Participants were followed for 96 weeks and the primary endpoint was continued viral suppression (HIV RNA <50 copies/ml) at 48 weeks.


  • At week 48 most people in both arms maintained undetectable viral load -- 94% in the TAF/FTC group and 93% in the TDF/FTC group -- demonstrating the non-inferiority of the TAF-containing combination.
  • The likelihood of continued viral suppression did not vary significantly according to age, sex, or race/ethnicity.
  • Treatment response was also similar whether patients used a boosted protease inhibitor or an unboosted third agent (92% vs 93%, respectively).
  • Only a small number of participants experienced virological failure (0.3% and 1.5%, respectively).
  • Among the few patients who underwent resistance testing, the emergence of resistance mutations was rare -- a single M184V seen in a TAF/FTC recipient with poor adherence.
  • Treatment was generally safe and well-tolerated.
  • 6% of patients in each arm discontinued the study for any reason.
  • Drug-related serious adverse events were rare, with none occurring in more than 1 patient, and few people discontinued treatment due to adverse events (7 vs 3, respectively).

Kidney Function

  • Kidney function improved in people who switched to TAF/FTC.
  • Median eGFR improved by +8.4 mL/min in the TAF/FTC group and by +2.8 mL/ min in the TDF/FTC group, a statistically significant difference.
  • Proteinuria (protein in the urine) and other renal biomarker improved in the TAF/FTC group, but worsened in the TDF/FTC group.
  • A few people had glycosuria (sugar in the urine), but most were diabetic and this was not considered related to kidney damage.
  • There were no cases of proximal renal tubulopathy or Fanconi syndrome (serious kidney damage) in either group.

Bone Density

  • Bone mineral density also improved in people who switched to TAF/FTC.
  • Bone density rose by +1.1% at the hip and by +1.5% at the spine in the TAF/FTC arm, while falling by -0.2 at both sites in the TDF/FTC arm; these differences were also significant.
  • More people who switched saw at least a 3% improvement in bone density over 48 weeks: 17% and 30% at the hip and spine in the TAF/FTC arm compared to 9% and 14% in the TDF/FTC group.
  • Gallant said that while these bone density changes are relatively small, they could have more clinical significance in older patients already experiencing bone loss.

Lipid Levels

  • Tenofovir is known to lower blood lipids, and because it reaches lower levels in the blood this effect is not as great with TAF.
  • People taking TAF/FTC had higher total cholesterol, LDL, and triglyceride levels than those on TDF/FTC and their total-to-HDL ratio rose slightly.
  • However, there was no difference in the proportion who started lipid-lowering therapy (4%).
  • Gallant said the clinical significance of these small differences is "questionable."

"[TAF/FTC] was non-inferior to [TDF/FTC] in maintaining virologic suppression in combination with a variety of third agents" and showed "significant improvements in multiple measures of renal and bone safety after switching from [TDF/FTC] to [TAF/FTC]," the researchers concluded. "These data support that [TAF/FTC] is an important NRTI backbone for antiretroviral treatment with safety benefits over [TDF/FTC]."

Gilead is developing 2 other TAF-containing single-tablet regimens, one with the NNRTI rilpivirine and the other with the HIV protease inhibitor darunavir.

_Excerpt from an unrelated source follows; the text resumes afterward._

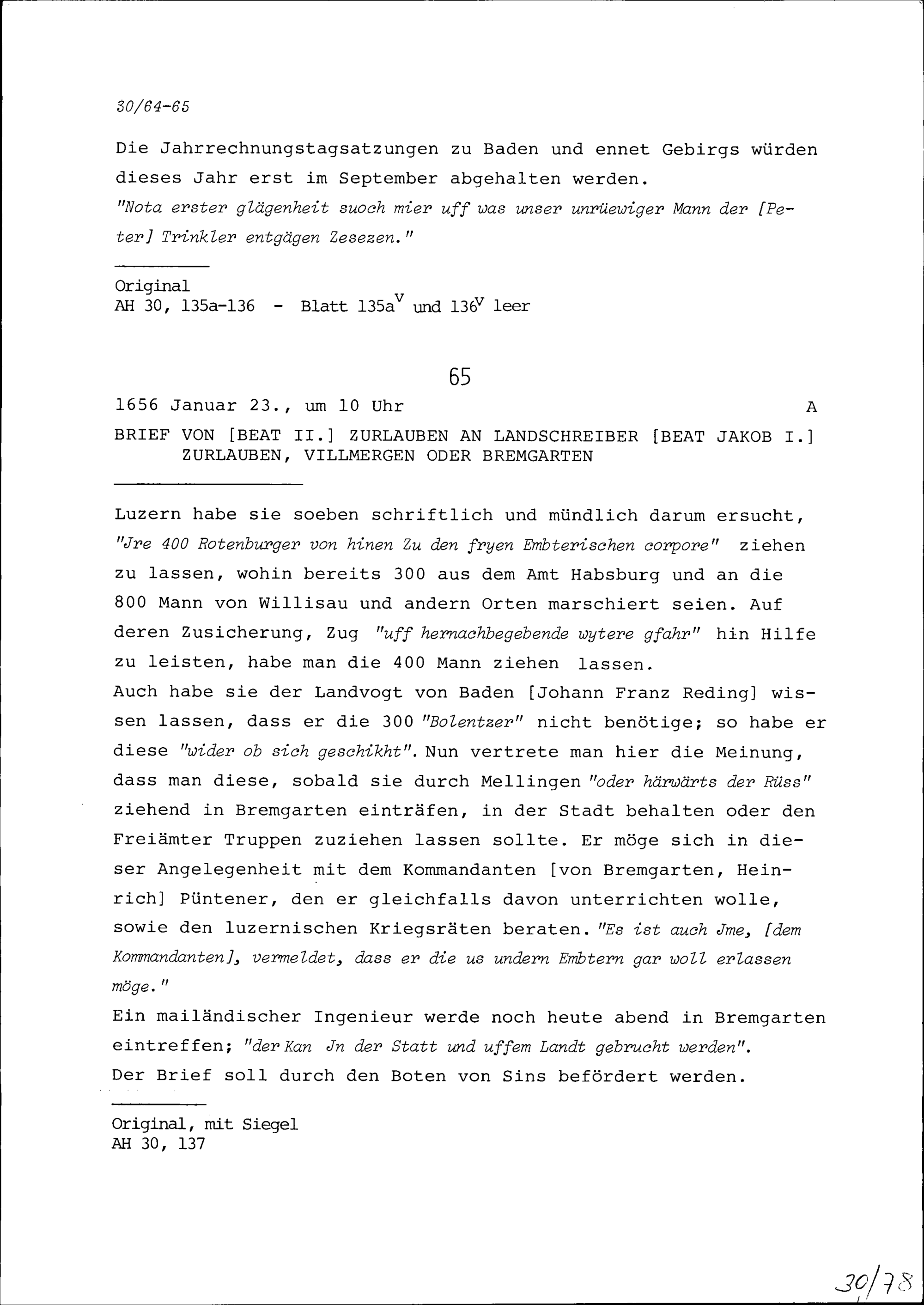 Schreiben von Beat II. Zurlauben an Beat Jakob I. Zurlauben, Landschreiber, Villmergen...

Stand-alone TAF is being studied as a treatment for hepatitis B. The company is also studying TAF in combination with GS-9883, an experimental integrase inhibitor that does not require boosting.

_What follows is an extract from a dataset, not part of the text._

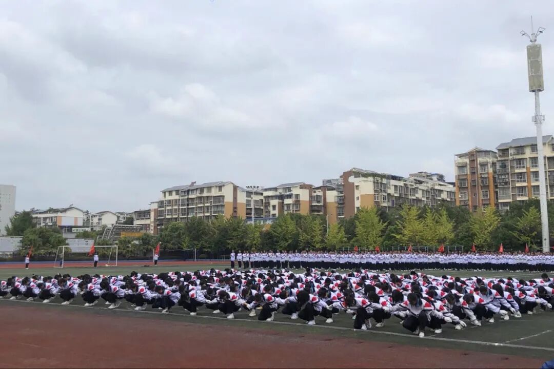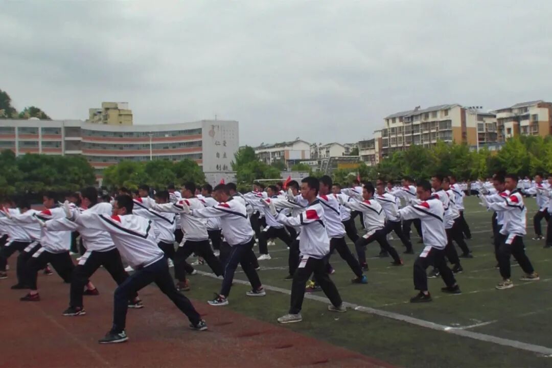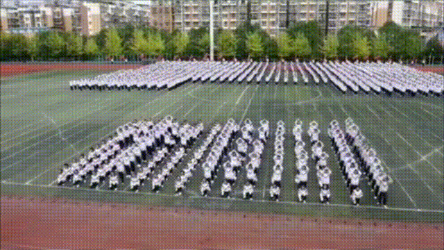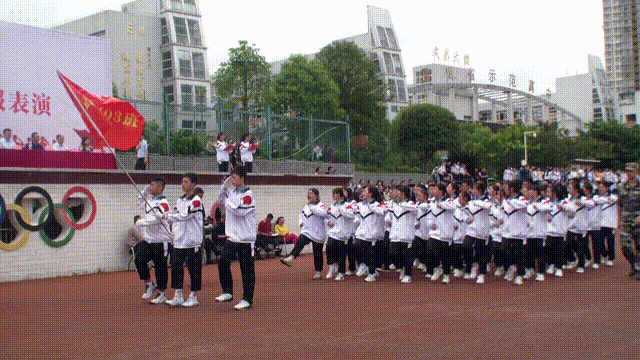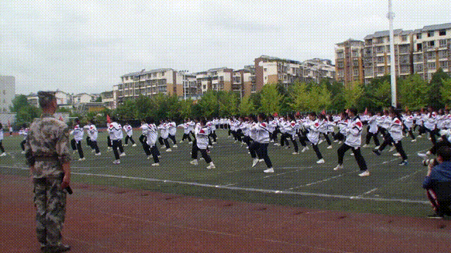 接下来同学们的表现更是优异,男子擒敌拳方队、女子军体拳方队一一登场,同学们动作整齐划一,呐喊声回荡在校园的上空。

Given the kidney and bone benefits of TAF/FTC, some have suggested that it could potentially be a good alternative to Truvada for PrEP, but lower tenofovir levels in body tissues might be a concern. Data from animal and early human studies of TAF for HIV prevention are being presented this week at CROI. Investigators for these studies stress that TAF should not be used as PrEP until clinical trials are complete.



JE Gallant, E Daar, F Raffi, et al. Switching Tenofovir DF to Tenofovir Alafenamide in Virologically Suppressed Adults. Conference on Retroviruses and Opportunistic Infections. Boston, February 22-25, 2016. Abstract 29.